Postby mal Holland » Mon Aug 08, 2011 3:09 am

A major hurricane (Hurricane Shazza) and earthquake measuring 5.8 on the Richter Scale hit Liverpool in the early hours of Tuesday with its epicenter in Everton .

Victims were seen wandering around aimlessly, muttering "Faaackinell".

The hurricane decimated the area causing approximately £30 worth of damage.
Several priceless collections of mementos from Majorca and the Costa Del Sol were damaged beyond repair.
Three areas of historic burnt out cars were disturbed.
Many locals were woken well before their giros arrived.

Liverpool FM reported that hundreds of residents were confused and bewildered and were still trying to come to terms with the fact that something interesting had happened in Anfield .

One resident - Tracy Sharon Smith, a 15-year-old mother of 5 said,
"It was such a shock, my little Chardonnay-Mercedes came running into my bedroom crying.
My youngest two, Tyler-Morgan and Victoria-Storm slept through it all.
I was still shaking when I was skinning up and watching Trisha the next morning."

Apparently looting, muggings and car crime were unaffected and carried on as normal.

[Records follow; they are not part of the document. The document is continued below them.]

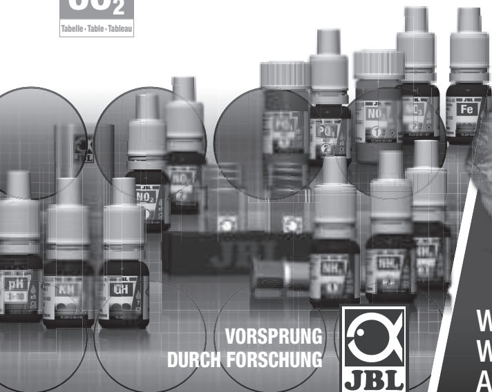
Tabelle • Table • Tableau
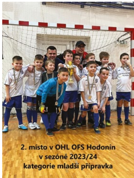
Okresní halová liga v Lužicích
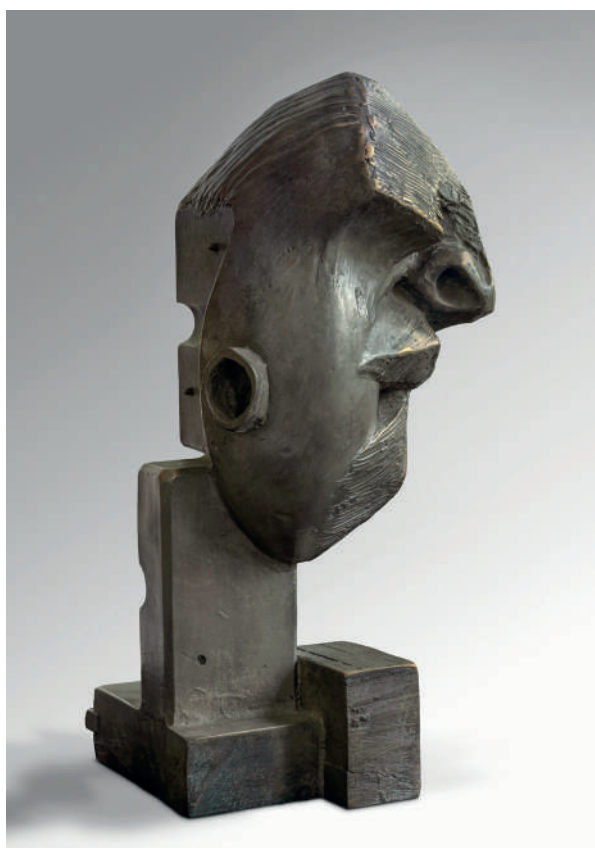
Catherine François, Don Quichotte , bronze, 8 ex. + 4 E.A., 2024
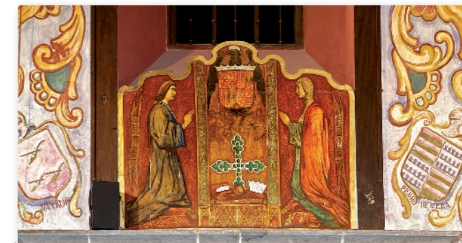
7 Pintura de los Reyes Católicos.

En la parte superior del retablo , rematando al mismo se encuentra una pintura en óleo sobre lienzo, de formato mediano que representa la figura de San Miguel. Esta pintura debe ser adscrita a lo mejor de la producción de Juan de Miranda y puede ser datada en torno a 1795.
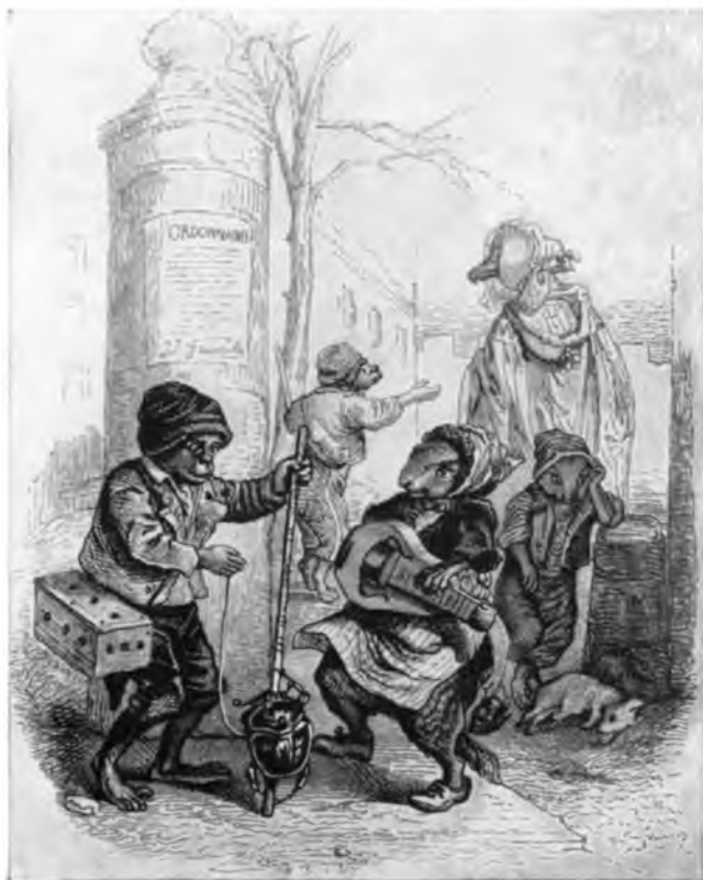
«Способ сравняться с Фанни Эльслер».
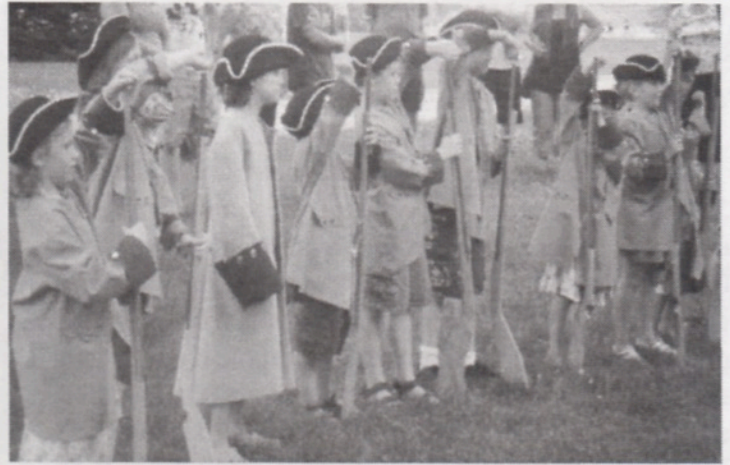
Fort-Chambly - Les jeunes en costumes d'époque

Après le repas, les participants se sont dirigés vers le Fort Chambly, lieu historique sur le bord des rapides de la rivière Richelieu par cette belle journée de juillet. Des explications furent données par un membre du service d'accueil du Fort, qui dura environ 20 minutes relatant les étapes historiques du Fort Chambly, puis les membres ont visité le Fort. Ils ont apprécié les manœuvres des membres de la compagnie Franche de la Marine, ainsi que l'essai des costumes d'époque que certains ont trouvé lourds et piquants, car le tout était fabriqué avec du lin et porté aussi bien en hiver qu'en été.
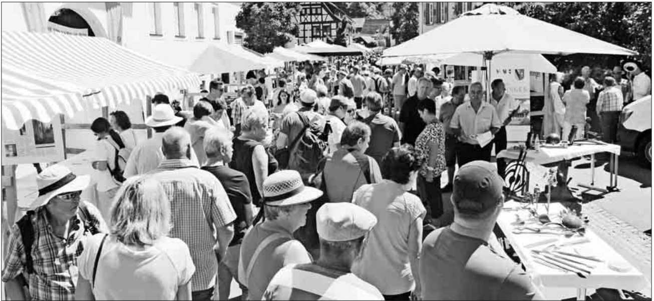
Die Kaiserstuhl-Tuniberg-Tage waren ein Besucherhit. Vor allem am Sonntagnachmittag war in der Langstraße das Interesse groß.

» Zweitägige Regionalschau hatte Anziehungskraft
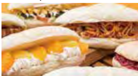
先生 ハチト製パンさん
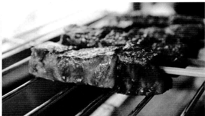
(株) 良和 ▶ 牛串
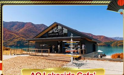
AO Lakeside Cafe'
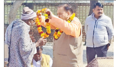
भिवानी। वीबीजी राम जी के तहत आयोजित कार्यक्रम में एक बुजुर्ग को माला पहनाकर सम्मानित करते विधायक
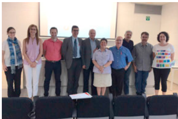
Els ponents de la jornada de Bioètica
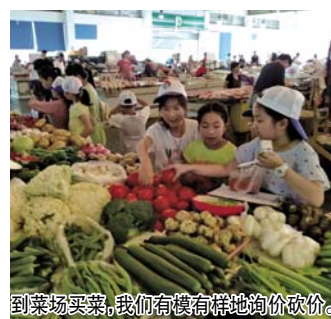
到菜场买菜，我们有模有样地询价议价。
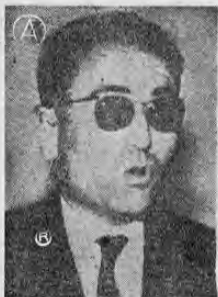
BEN KHEDDA ...una exhortación a la paz en Argelia...

El delegado de la U.R.S.S., Vasily Kuznetsov dio a conocer su proposición al iniciar su sesión hoy la conferencia internacional de desarme.
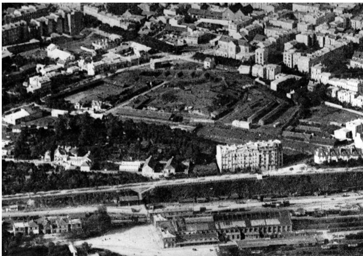
Vue aérienne oblique de Brest en 1926 : la redoute de Keroriou
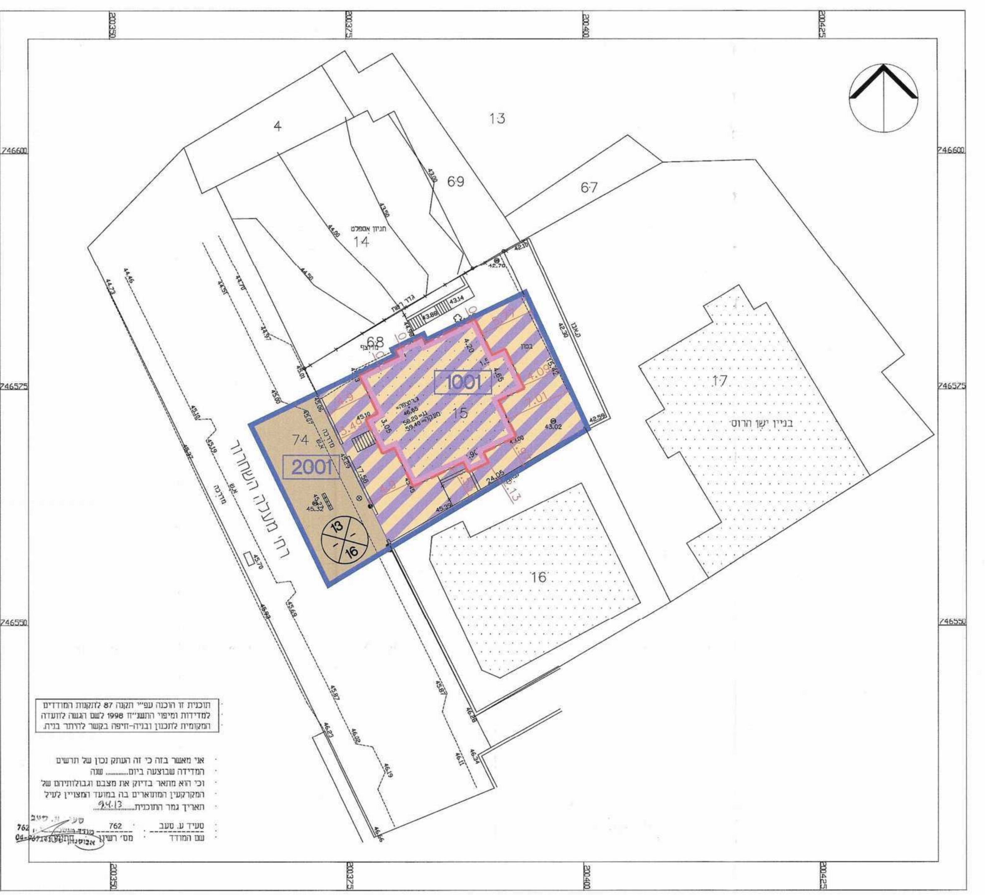
מצב מוצע קנייני 1:250

תוכנית זו הוכנה ע"י המנהל 87 לחקטת המודדים למדידות ומיפוי רחביי 1998 לשם הגדרת חוקתה ומסמית חוקתה ובדיקה-היפה בפשר לדו"ח בית אי מאשר בהו כי זה העתק נכון של תרשים המדידה שנבוצעה ביום... שנה וכי הוא מואר בדיוק את המצב והגבולות של המגרש ומתארים בה המדידות המצויין לעיל והאריך גמר התוכנית 29.5.2013 טעיר ע. טעב 762 מס' רישון 04-9967141

The British Red Cross has so far managed to ship 4,000 crates of Sunny Delight to the area to help the stricken locals.
Rescue workers are still searching through the rubble and have found large quantities of personal belongings, including benefit books, jewellery from Elizabeth Duke at Argos and Bone China from Poundland.



HOW CAN YOU HELP ?

This appeal is to raise money for food and clothing parcels for those unfortunate enough to be caught up in this disaster.
Clothing is most sought after - items most needed include:

Fila or Burberry baseball caps
Kappa tracksuit tops (his and hers)
Shell suits (female)
White sport socks
Rockport boots
Any other items usually sold in Primark.

Food parcels may be harder to come by but are needed all the same.
Required foodstuffs include:

Microwave meals
Tins of baked beans
Ice cream
Cans of Colt 45 or Special Brew.


22p buys a biro for filling in the compensation forms
£2 buys chips, crisps and blue fizzy drinks for a family of 9
£5 buys B&H and a lighter to calm the nerves of those affected.


**Breaking news**


Rescue workers found a girl in the rubble smothered in raspberry alco-pop.

"Where are you bleeding from?" they asked,
"Knotty Ash" said the girl, "woss that gotta do wiv you?"

Please don't forward this to anyone living in Merseyside - oh, sod it, they won't be able to read it, anyway.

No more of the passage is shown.